:: Supplied information ::
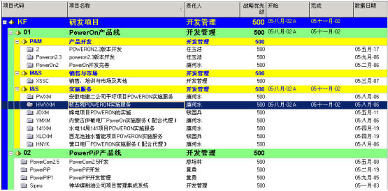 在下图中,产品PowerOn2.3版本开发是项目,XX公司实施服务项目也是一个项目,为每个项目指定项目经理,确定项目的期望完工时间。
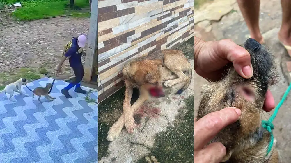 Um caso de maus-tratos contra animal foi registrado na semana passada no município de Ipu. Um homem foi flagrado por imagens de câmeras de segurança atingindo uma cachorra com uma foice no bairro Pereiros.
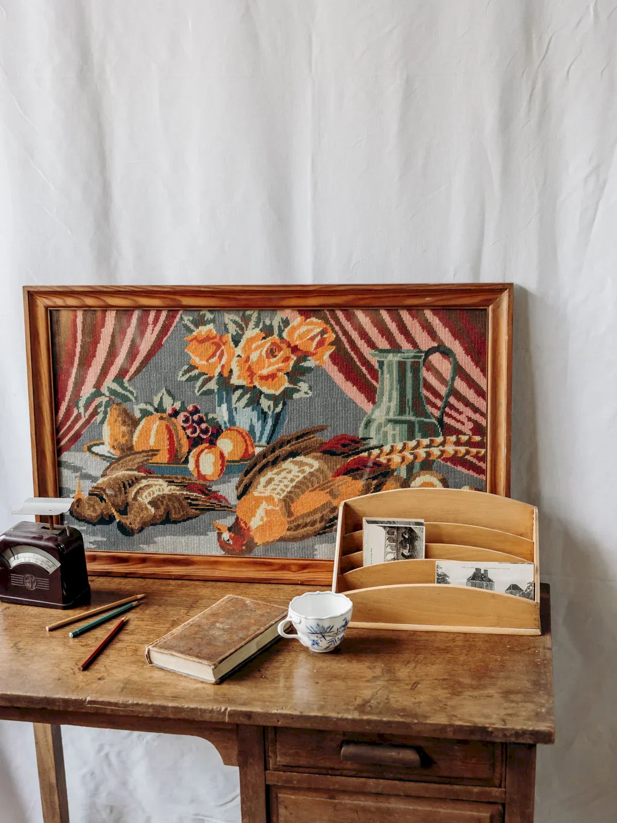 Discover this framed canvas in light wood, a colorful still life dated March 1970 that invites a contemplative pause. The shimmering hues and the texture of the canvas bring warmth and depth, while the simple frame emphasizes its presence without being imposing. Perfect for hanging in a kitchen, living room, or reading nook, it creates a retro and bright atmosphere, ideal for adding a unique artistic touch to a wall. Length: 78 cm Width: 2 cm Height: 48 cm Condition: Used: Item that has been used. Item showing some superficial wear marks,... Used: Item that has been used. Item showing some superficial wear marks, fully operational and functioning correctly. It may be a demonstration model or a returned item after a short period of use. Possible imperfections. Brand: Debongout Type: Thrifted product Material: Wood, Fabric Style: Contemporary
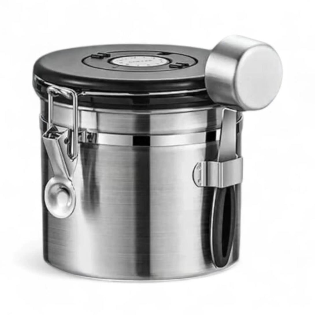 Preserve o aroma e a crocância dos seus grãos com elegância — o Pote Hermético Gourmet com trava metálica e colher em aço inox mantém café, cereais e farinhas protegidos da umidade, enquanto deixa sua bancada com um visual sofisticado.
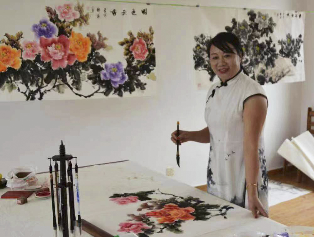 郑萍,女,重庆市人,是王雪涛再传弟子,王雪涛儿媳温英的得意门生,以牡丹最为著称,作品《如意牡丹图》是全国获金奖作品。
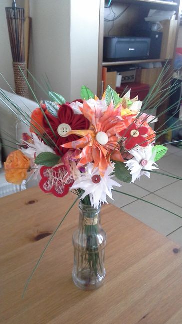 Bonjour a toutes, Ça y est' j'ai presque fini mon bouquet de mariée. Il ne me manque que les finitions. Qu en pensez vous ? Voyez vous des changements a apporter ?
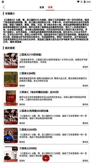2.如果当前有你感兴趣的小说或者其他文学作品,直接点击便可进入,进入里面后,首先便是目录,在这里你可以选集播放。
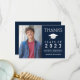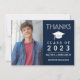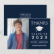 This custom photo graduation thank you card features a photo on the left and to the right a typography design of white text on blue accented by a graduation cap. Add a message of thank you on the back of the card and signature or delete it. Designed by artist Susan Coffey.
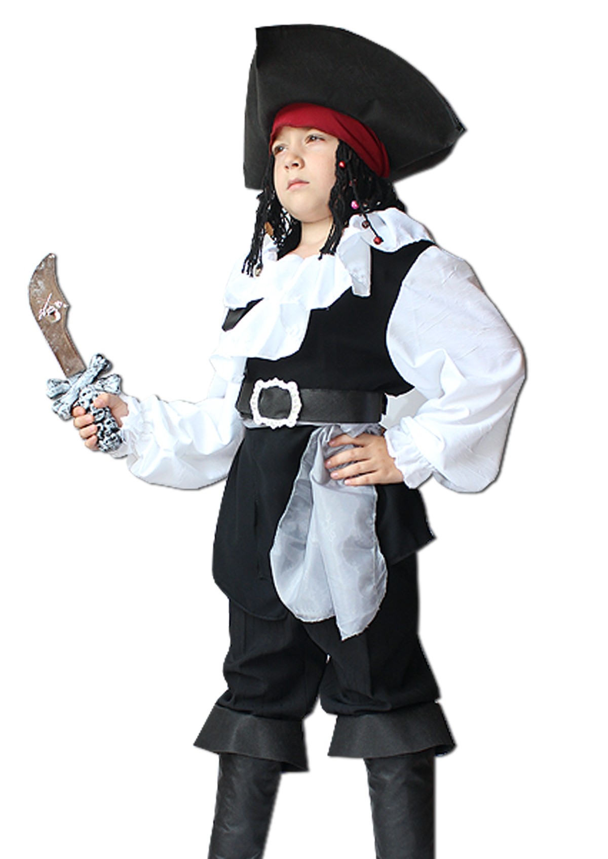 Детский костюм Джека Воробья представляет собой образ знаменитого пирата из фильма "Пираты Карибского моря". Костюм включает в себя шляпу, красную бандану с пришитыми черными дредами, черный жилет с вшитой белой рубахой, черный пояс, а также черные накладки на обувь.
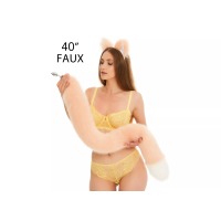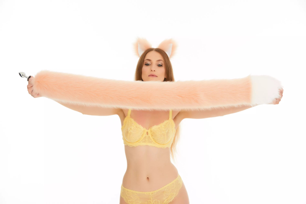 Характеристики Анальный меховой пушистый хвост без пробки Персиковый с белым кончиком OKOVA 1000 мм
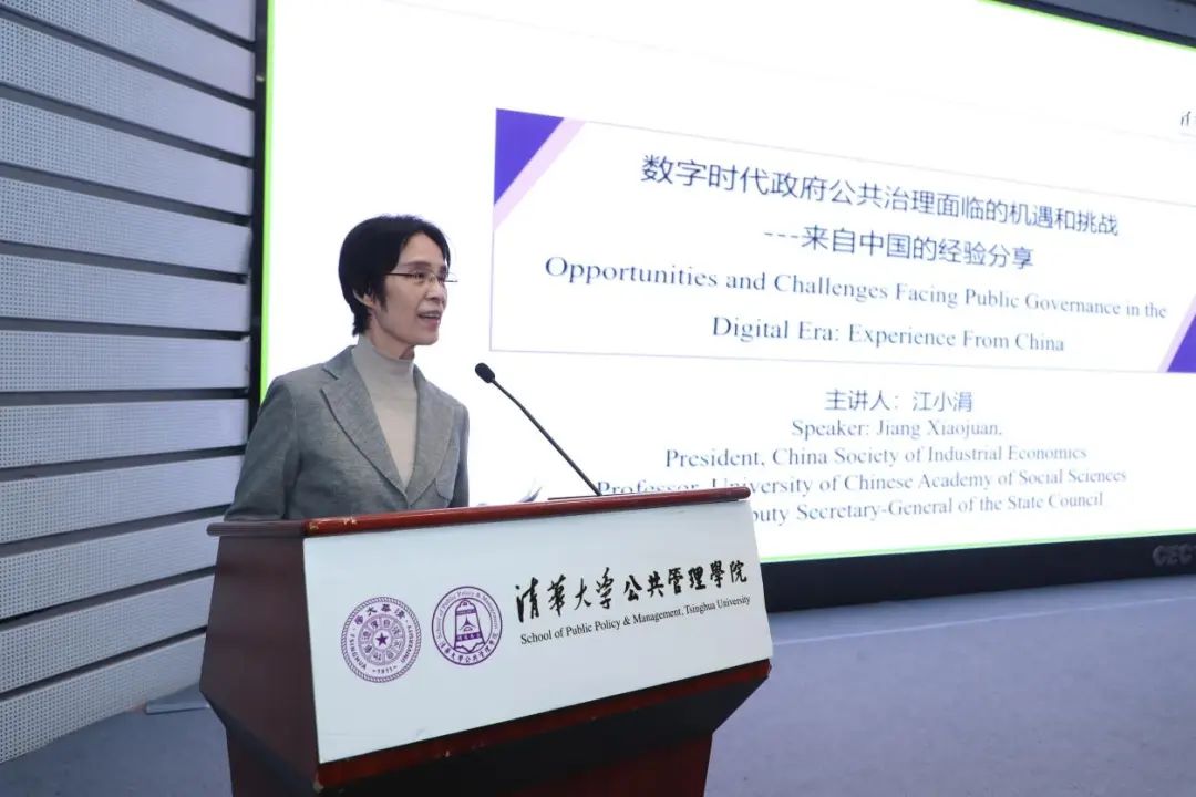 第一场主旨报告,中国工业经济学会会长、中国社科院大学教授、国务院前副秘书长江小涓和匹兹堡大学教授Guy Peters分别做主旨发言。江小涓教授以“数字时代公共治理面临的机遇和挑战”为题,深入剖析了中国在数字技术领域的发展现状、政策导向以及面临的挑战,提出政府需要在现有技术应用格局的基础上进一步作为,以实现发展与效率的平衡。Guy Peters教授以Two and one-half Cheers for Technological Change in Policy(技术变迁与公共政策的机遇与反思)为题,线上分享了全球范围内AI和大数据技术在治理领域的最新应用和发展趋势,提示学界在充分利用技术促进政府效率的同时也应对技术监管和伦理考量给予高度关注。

:: Task instructions ::
A clean copy is needed of the lines above from the one with "郑萍,女,重庆市人,是王雪涛" up to and including the one with "2.如果当前有你感兴趣的小说". Please set it down exactly, with no pictures.

:: Result for this task ::
 郑萍,女,重庆市人,是王雪涛再传弟子,王雪涛儿媳温英的得意门生,以牡丹最为著称,作品《如意牡丹图》是全国获金奖作品。
 Bonjour a toutes, Ça y est' j'ai presque fini mon bouquet de mariée. Il ne me manque que les finitions. Qu en pensez vous ? Voyez vous des changements a apporter ?
2.如果当前有你感兴趣的小说或者其他文学作品,直接点击便可进入,进入里面后,首先便是目录,在这里你可以选集播放。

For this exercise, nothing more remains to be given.